Cushing’s entry for Sunday, when the fair was opened to make it possible for laborers to attend on their only day off (despite protests from religious groups), is among the lengthiest for the week. He described three hours spent in art galleries and a walk through the Midway, a section devoted to anthropology and presentations of indigenous peoples from around the world. By then, Cushing was entrenched in the physician’s role and did not indulge in days of rest.

The diary reveals a broad range of interests and a fascination with art of all kinds. Cushing saved programs from concerts of European performers and wrote at length about a Japanese tea ceremony as well as an exhibit on forestry designed by Gifford Pinchot, an 1889 Yale College graduate who would go on to co-found Yale’s School of Forestry in 1900. Cushing was complimentary about exotic Bedouin dancers and an exhibit on the streets of Cairo.

The exposition, with elaborate architecture and organized streets that accommodated millions of visitors, inspired new respect for urban planning and beauty, according to Badger. Still, Cushing’s fine sketches, no larger than an inch or two, focus on people. Though the fair has since been criticized for stereotyping indigenous peoples as barbaric, his portraits reflect none of this.

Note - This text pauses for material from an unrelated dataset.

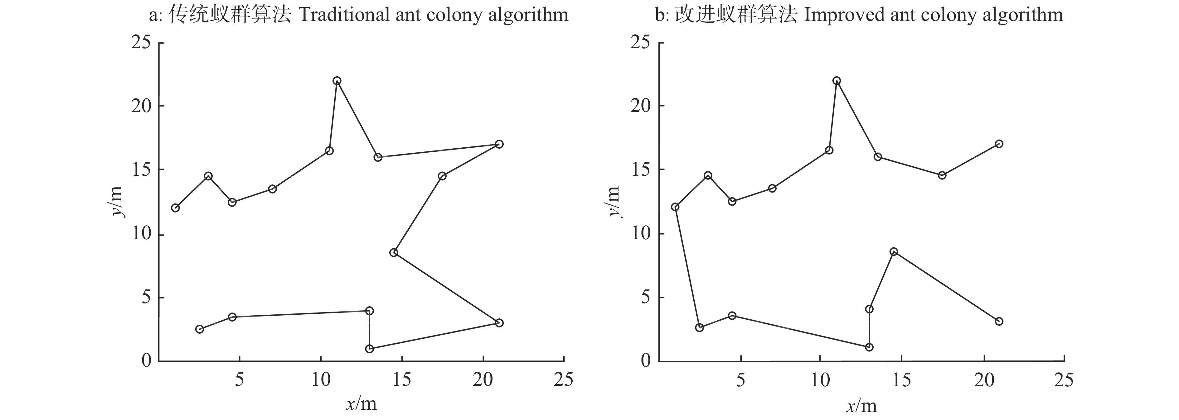 Result The simulation results showed that the number of iterations and path length of the improved ant colony algorithm were 83.1% and 4.8% less than those of the traditional ant colony algorithm. The path repetition rate of the improved ant colony algorithm and the improved BFS algorithm was 56% of the traditional ant colony algorithm and BFS algorithm, and the agricultural robot could achieve 100% coverage of farmland.

The diary indirectly refers to the country’s growing obsession with material wealth and consumerism. Tucked into the diary is a newspaper clipping that expresses amazement at the exposition’s administrative building, with four pavilions, built of impermanent materials to last two years at a cost of $550,000. Meanwhile, Cushing diligently lists his own expenditures—for example, a 35-cent breakfast and a two-cent newspaper. The fair was costly: Cushing began with $91.84 and left with less than $4.

Cushing was careful with money, but perhaps even more cognizant of the value of time. Throughout his notes, he frequently expressed regret for not having more time to explore. He fretted about arriving at Buffalo Bill’s show too early, and toward the end of the week he wrote, “I am foolish enough to squander time on the football game.” (The Chicago Athletic Association trounced the New York Athletic Association, 6-0.)

The journals show the co-founder of Yale’s medical library as a quintessential learner. His detailed observations foreshadow his astute and meticulous notes on patient care and reveal a limitless Victorian curiosity about ideas, culture and technology.